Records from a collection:

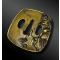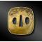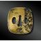 Tsuba en sentoku ciselé d’un homme vêtu d’un kimono et d’un bonnet, tenant dans ses mains un rouleau et portant une barbe ; sur la partie gauche figure un arbre qui se poursuit au revers ; le tout rehaussé de shakudo, d’argent, d’or et de cuivre.
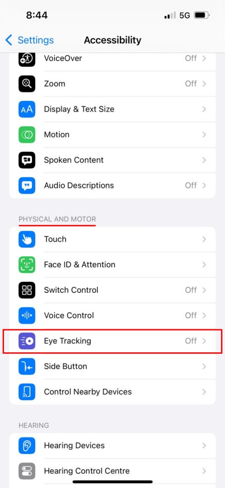 2. Under ‘Physical and Motor’, select Eye Tracking. Then toggle on Eye Tracking.
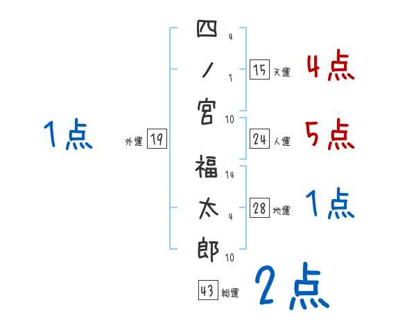 外運![]() | 四ノ宮福太郎さんの外運は19画の1つ星!優れた才能を持ちますが、協調性が足りないことも。周りの人と協力する事を意識しましょう。 生活面を象徴する運勢です。外部から受ける影響力を表し、結婚運、家庭運や職場、環境への順応性を表します。 |
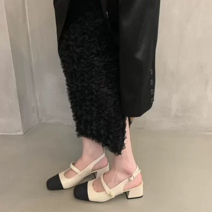 | nameOriginal | Small fragrant style medium high heel spring and summer black toe sandals |
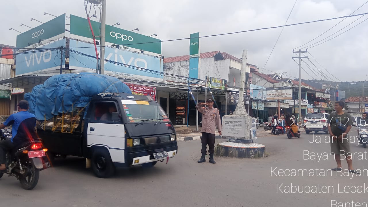 Gemasiber80news.com, LEBAK – Guna menekan Angka Kecelakaan Lalu Lintas, Jajaran Polsek Bayah Polres Lebak Melaksanakan Kegiatan Gatur Lalin Pagi hari di simpang terminal Bayah, desa Bayah Barat, kecamatan Bayah, Kabupaten Lebak, Provinsi Banten. Minggu (4/6/2023)
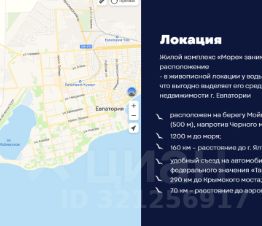 Жилой комплекс "Море" занимает особое для Крыма расположение — в живописной локации у воды, на берегу озера Мойнаки, что выгодно выделяет его среди предложений на рынке недвижимости г. Евпатории;
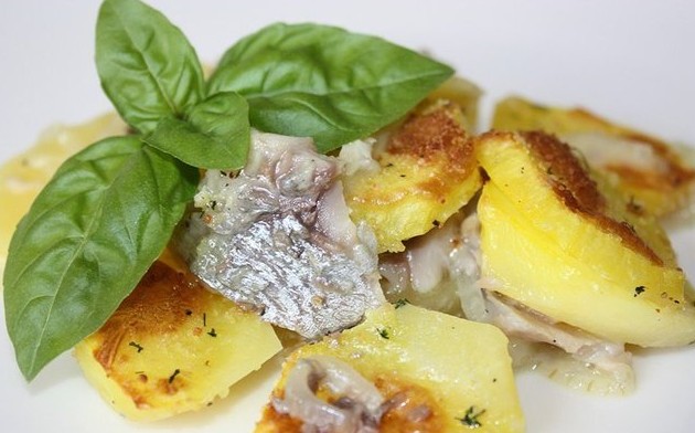 Leckere und herzhafte hausgemachte Auflauf aus Kartoffeln mit Hering. Machen Sie eine klassische Präsentation neuer Produkte!
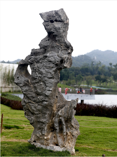 記者看到,在園區(qū)向日葵花海旁,立著一塊近2米高、約6噸重的太湖石;另一側,高大羅漢松景觀樹木旁則“側臥”了一塊高逾1米、重達13噸,形似“睡美人”的景觀太湖石,給園區(qū)增添了一道別致的景觀。
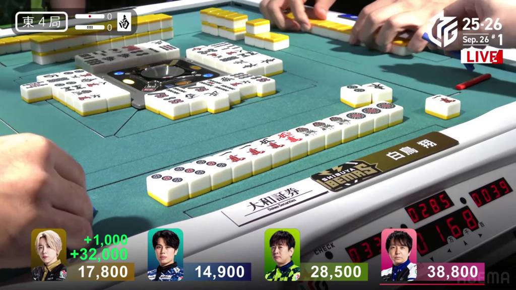 In E4-1, Uchikawa is the dealer and 2,200 behind 1st place Daigo.

**TASK ITEM**
In repeating the lines above, keep the wording exact and leave every picture out.

**WRITTEN RESPONSE**
 Tsuba en sentoku ciselé d’un homme vêtu d’un kimono et d’un bonnet, tenant dans ses mains un rouleau et portant une barbe ; sur la partie gauche figure un arbre qui se poursuit au revers ; le tout rehaussé de shakudo, d’argent, d’or et de cuivre.
 2. Under ‘Physical and Motor’, select Eye Tracking. Then toggle on Eye Tracking.
 外運![]() | 四ノ宮福太郎さんの外運は19画の1つ星!優れた才能を持ちますが、協調性が足りないことも。周りの人と協力する事を意識しましょう。 生活面を象徴する運勢です。外部から受ける影響力を表し、結婚運、家庭運や職場、環境への順応性を表します。 |
 | nameOriginal | Small fragrant style medium high heel spring and summer black toe sandals |
 Gemasiber80news.com, LEBAK – Guna menekan Angka Kecelakaan Lalu Lintas, Jajaran Polsek Bayah Polres Lebak Melaksanakan Kegiatan Gatur Lalin Pagi hari di simpang terminal Bayah, desa Bayah Barat, kecamatan Bayah, Kabupaten Lebak, Provinsi Banten. Minggu (4/6/2023)
 Жилой комплекс "Море" занимает особое для Крыма расположение — в живописной локации у воды, на берегу озера Мойнаки, что выгодно выделяет его среди предложений на рынке недвижимости г. Евпатории;
 Leckere und herzhafte hausgemachte Auflauf aus Kartoffeln mit Hering. Machen Sie eine klassische Präsentation neuer Produkte!
 記者看到,在園區(qū)向日葵花海旁,立著一塊近2米高、約6噸重的太湖石;另一側,高大羅漢松景觀樹木旁則“側臥”了一塊高逾1米、重達13噸,形似“睡美人”的景觀太湖石,給園區(qū)增添了一道別致的景觀。
 In E4-1, Uchikawa is the dealer and 2,200 behind 1st place Daigo.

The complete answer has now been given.